A parabola is a U-shaped curve that can open either upwards or downwards. It is defined by a quadratic equation like \( y = ax^2 + bx + c \). In the exercise, the base equation we examined is a parabola of the form \( y = 2(x + 3)^2 - 1 \). Parabolas are symmetric, and the highest or lowest point on a parabola is called the vertex. The direction in which a parabola opens depends on the coefficient of the squared term (\(a\)). If \(a > 0\), the parabola opens upwards, forming a U shape. If \(a < 0\), it opens downwards, resembling an upside-down U. Parabolas appear naturally in various phenomena, such as projectile motion, and are crucial in physics and engineering.

The vertex form of a quadratic equation presents the equation in a way that clearly shows the vertex of the parabola.
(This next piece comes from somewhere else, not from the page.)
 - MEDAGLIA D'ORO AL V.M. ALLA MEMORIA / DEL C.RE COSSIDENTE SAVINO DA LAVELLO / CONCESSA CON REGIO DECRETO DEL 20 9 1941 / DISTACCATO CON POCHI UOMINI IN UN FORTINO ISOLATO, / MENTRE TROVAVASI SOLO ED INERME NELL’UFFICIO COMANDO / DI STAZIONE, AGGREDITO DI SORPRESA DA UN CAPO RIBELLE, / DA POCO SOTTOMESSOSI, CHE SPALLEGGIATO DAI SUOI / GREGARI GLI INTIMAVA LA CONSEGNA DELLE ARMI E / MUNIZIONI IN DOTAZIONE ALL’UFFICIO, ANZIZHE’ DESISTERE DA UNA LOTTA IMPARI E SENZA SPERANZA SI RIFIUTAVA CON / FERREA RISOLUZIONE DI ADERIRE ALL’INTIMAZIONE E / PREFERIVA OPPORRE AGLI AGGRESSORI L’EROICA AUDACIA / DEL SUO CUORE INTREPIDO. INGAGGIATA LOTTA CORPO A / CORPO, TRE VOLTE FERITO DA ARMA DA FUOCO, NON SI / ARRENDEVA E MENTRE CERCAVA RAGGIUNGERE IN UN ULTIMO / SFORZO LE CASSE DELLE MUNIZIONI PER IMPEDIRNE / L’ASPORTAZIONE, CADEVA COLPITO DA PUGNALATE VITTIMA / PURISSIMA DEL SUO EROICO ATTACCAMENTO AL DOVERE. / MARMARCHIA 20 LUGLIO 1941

The vertex form is expressed as \( y = a(x - h)^2 + k \). The values \(h\) and \(k\) represent the coordinates of the vertex. For the inequality in our exercise, the vertex form \( y = 2(x + 3)^2 - 1 \) reveals the vertex at \((-3, -1)\). Compared to the standard form \( y = ax^2 + bx + c \), the vertex form provides an immediate visual clue about where the parabola is located on the coordinate plane. This form makes it easier to graph the parabola by directly plotting the vertex and understanding its transformations, such as horizontal and vertical shifts.

Graphing inequalities involves several additional steps compared to graphing equalities. With inequalities, you're not only interested in the line or curve itself but also in shading the region that satisfies the inequality. The inequality \( y > 2(x + 3)^2 - 1 \) tells us that the solution set includes points above the parabola. Here are the steps to graph such an inequality:

• Plot the parabola from the quadratic expression.
• Since the inequality is strict (\(>\)), use a dashed line for the parabola, indicating that points on the parabola are not included.
• Shade the region above this dashed line to represent all the points that satisfy the inequality.

Achieving accurate shading involves correctly identifying the half-plane that represents the set of solutions, which can typically be verified by testing a point not on the line.

The coordinate plane is a two-dimensional surface on which we can graph equations and inequalities. It consists of two perpendicular lines: the x-axis (horizontal) and the y-axis (vertical). These axes divide the plane into four quadrants. The coordinate plane allows us to visually represent equations and inequalities, making abstract math problems tangible. When you plot the vertex at \((-3, -1)\) on the coordinate plane, you're establishing a reference point for the parabola's graph. Understanding its layout helps in graphing the given inequality and verifying the shape and direction of the parabola. Each point on the plane corresponds to an (x, y) coordinate, making it straightforward to sketch the graph, adjust curves, and interpret regions defined by inequalities. Expertise with the coordinate plane is essential for solving a multitude of mathematical problems.